The faint glow of the sunrise coming through the blinds lit his neighbor's silhouette from behind, holding Amelia to his chest.
"She started fussing like an hour ago, and woke up real hot." Javon stood up slowly from the bed, careful to not jostle the sleeping infant too much. "I just got her back to sleep, but, yeah. Feeling hot."
"Right." Arthur yawned, and cautiously picked his daughter up. "Thank you. When I get paid-"
"Don't worry about it. I hope she feels better." Javon whispered, and kissed Arthur on the forehead. "Y'all take care now."
On his way out of the apartment, he took a jelly filled donut from the bag, and shut the door with a quiet click.
They sat in silence for a few minutes after Javon left, as the situation as it was fully hit Arthur.
A whimper took him out of his thoughts.
"Oh, come here." He said softly as Amelia started to cry, running his hand in a circular motion on her back, her skin hot to the touch. "Let's get you out of these clothes, and have some water, yeah? You'll feel better."
Arthur laid his daughter down on his bed, and unzipped her pink striped romper, making her shiver.
"I know, I'm sorry, babes."
He set Amelia on his left hip, and reached for his well worn infant care book with his free hand. The section on fevers was at the ready from last time he needed it, a liquor store receipt shoved haphazardly inside as a bookmark.
"No clothes, water, wait on medicine. No clothes, water, wait on medicine. No clothes, water…" Arthur chanted to himself as he shut the book, and tossed it in the general direction of the nightstand.
The kitchen was dim as he fumbled around for a sippy cup, gently making a shushing noise as he filled it with cold water at the sink.
"I know you're ill, but you need to drink." Arthur mumbled to himself when Amelia refused her cup again, turning her head to the side as he held it up to her mouth. "Please, even a little bit."
After another unsuccessful attempt, he set the cup down entirely, and sighed before getting up from the couch.
Truth be told, she looked ragged.
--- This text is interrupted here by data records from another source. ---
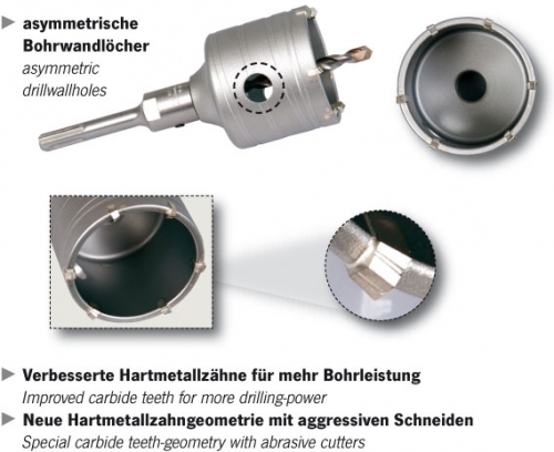 • Die leichte Bauart dieser Hammerbohrkrone hat den Anwendungsbereich der SDS-plus Bohrhämmer der Klasse bis 4 kg, sowie der schweren Schlagbohrmaschinen wesentlich erweitert
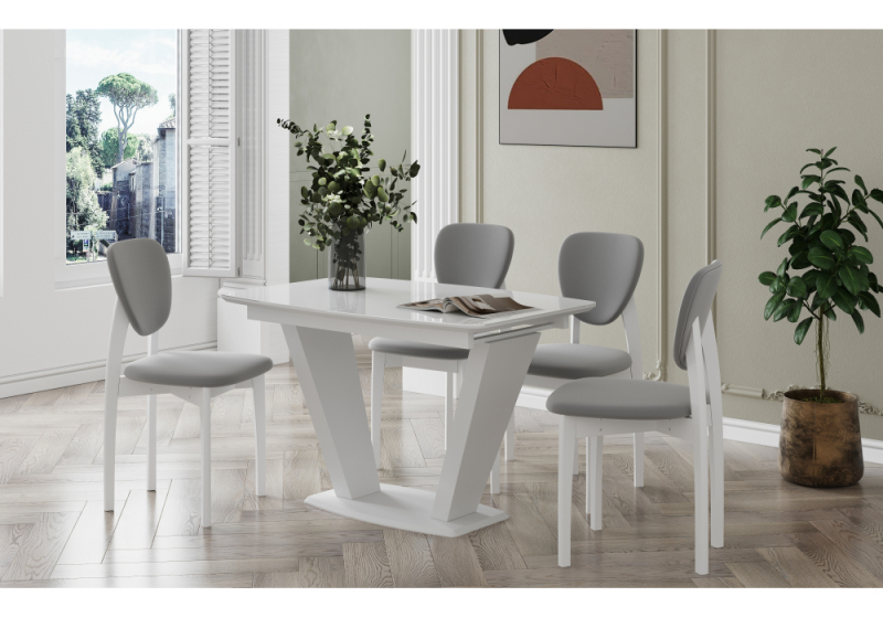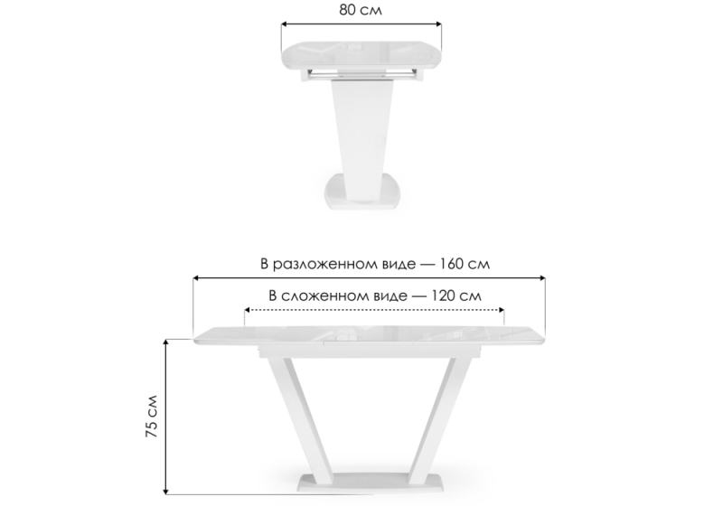Стол стеклянный Петир 120(160)х80 ультра белый / белый / камень белый (80x75)
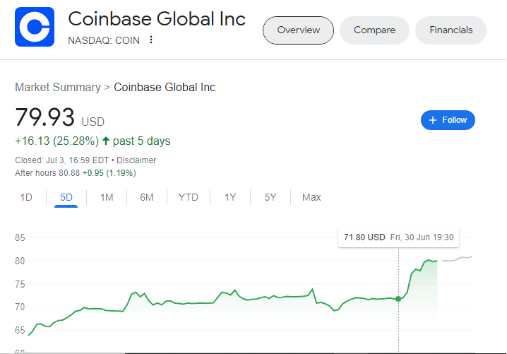 Mulai akhir Juni kemarin sampai perdagangan hari ini, harga saham Coinbase Global (COIN) di Nasdaq terus menunjukkan tren yang menanjak. Bahkan, jika dilihat selama 5 hari ke belakang, saham crypto exchange populer di Amerika Serikat itu sudah terkerek sebanyak 25,28% ke level US$79,93 per saham.

Propped up on the couch in just her diaper, her curly blonde hair plastered to her forehead from sweat and small red sores dotting the area around her mouth.
"Do you wanna watch some telly, Meli?" He asked, more rhetorically than anything as he grabbed the remote from the floor.
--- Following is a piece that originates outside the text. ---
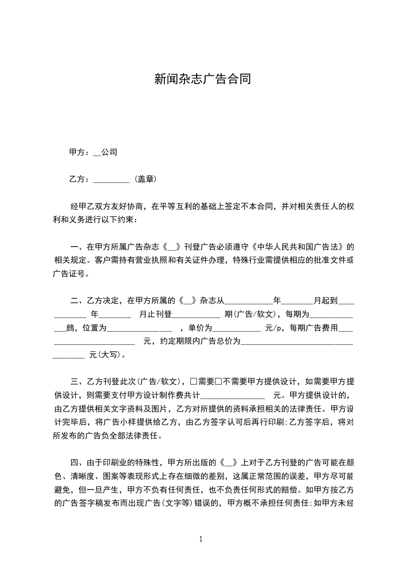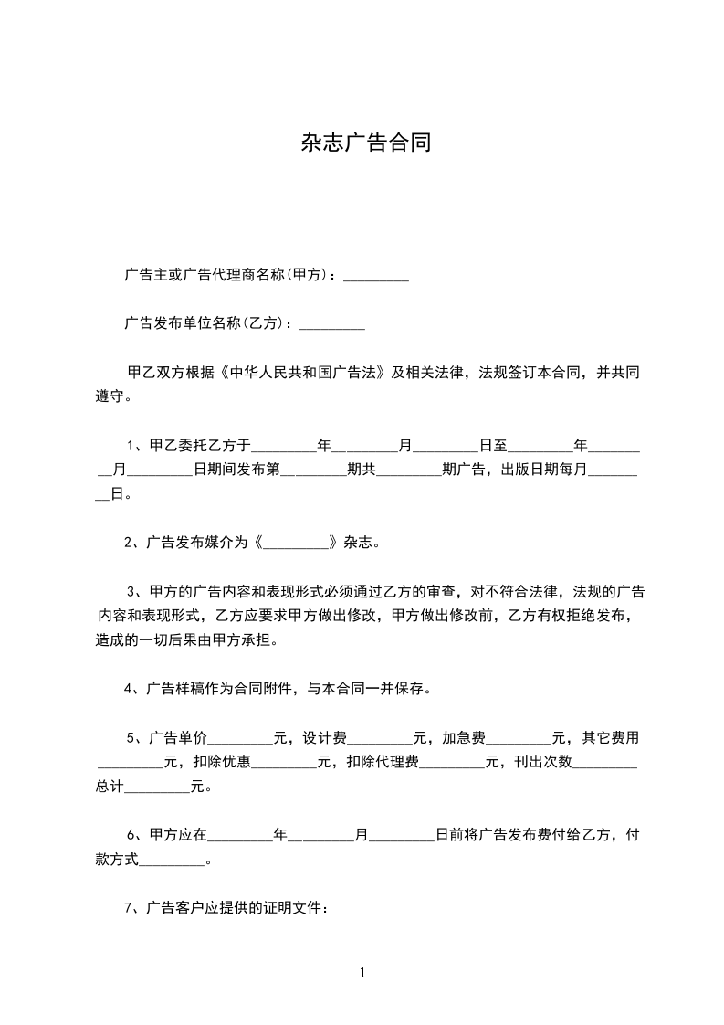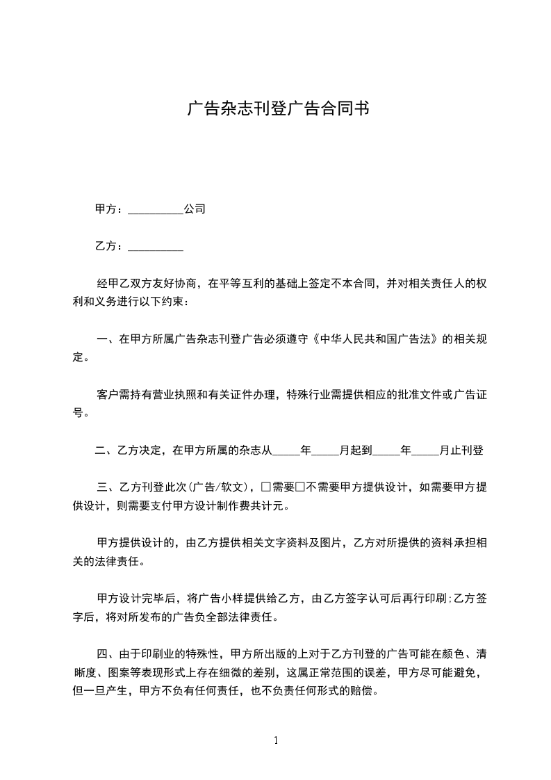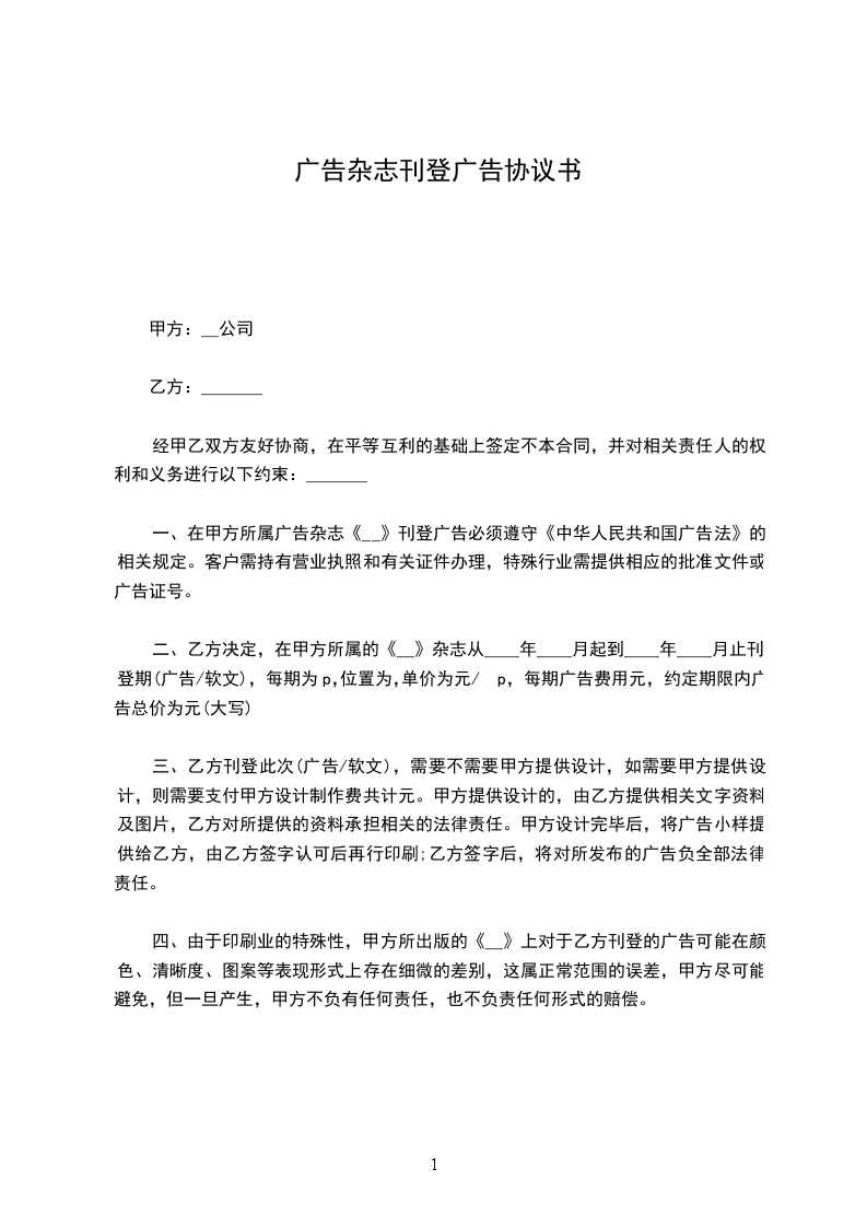 1、甲乙委托乙方于_________年_________月_________日至_________年_________月_________日期间发布第_________期共_________期广告,出版日期每月_________日。

Sleepy babbling came as his response from the couch.
"I think Sesame Street should be on, too."
Considering that Amelia was undeniably awake for the day, there didn't seem to be any point in keeping them in the dark.
"Ugh, fuck." Arthur said bitterly, squinting when he opened the blinds in his living room, now fully illuminated by the morning sun.
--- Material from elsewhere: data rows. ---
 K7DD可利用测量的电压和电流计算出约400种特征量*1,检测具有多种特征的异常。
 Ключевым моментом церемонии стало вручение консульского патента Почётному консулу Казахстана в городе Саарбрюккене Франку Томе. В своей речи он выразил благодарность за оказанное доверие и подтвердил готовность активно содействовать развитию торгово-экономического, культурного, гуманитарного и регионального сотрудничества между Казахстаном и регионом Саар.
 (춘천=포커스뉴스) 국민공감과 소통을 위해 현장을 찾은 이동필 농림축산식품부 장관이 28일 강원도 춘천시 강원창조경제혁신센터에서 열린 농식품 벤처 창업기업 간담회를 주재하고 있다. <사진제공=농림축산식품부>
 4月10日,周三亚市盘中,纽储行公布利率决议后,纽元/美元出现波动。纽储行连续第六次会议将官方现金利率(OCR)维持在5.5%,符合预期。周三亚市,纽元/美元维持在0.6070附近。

It's not that he was upset at his daughter for getting sick. He truly felt awful for her, sitting there feeling miserable and no way to say what was bothering her.
Something about being so damn close to finally getting some needed rest, just for that all to be put on hold with no warning.
If he were the crying type, this would be enough to bring him to tears.
The two of them had both fallen asleep on the couch by mid morning, as the local PBS station droned in the background.
A knock at the door woke Arthur with a start, and he grumbled to himself as he got up, and dragged his feet the few steps to the door.
Still half asleep, he fumbled with both sets of locks on the door until he could finally see who dared to wake him up.
"Andre? What the hell?"
Andre grunted a greeting of sorts, and all but shoved a plastic bag at Arthur.
"Heard Meli was sick."
Not really having a choice, he accepted the bag, and peered inside. By the looks of it, Andre had seen anything at the pharmacy labeled 'baby' and bought all of it, indiscriminately.
"Wow, erm." Arthur shifted the bag from one hand to the other. "I don't know what to say. Thank you."
"Welcome." He said with a closed lipped smile, and waved before walking away.
Well that was fucking weird. Arthur thought to himself after shutting the door, and set the bag down on top of the donut bag. At least I won't need to buy medicine any time soon.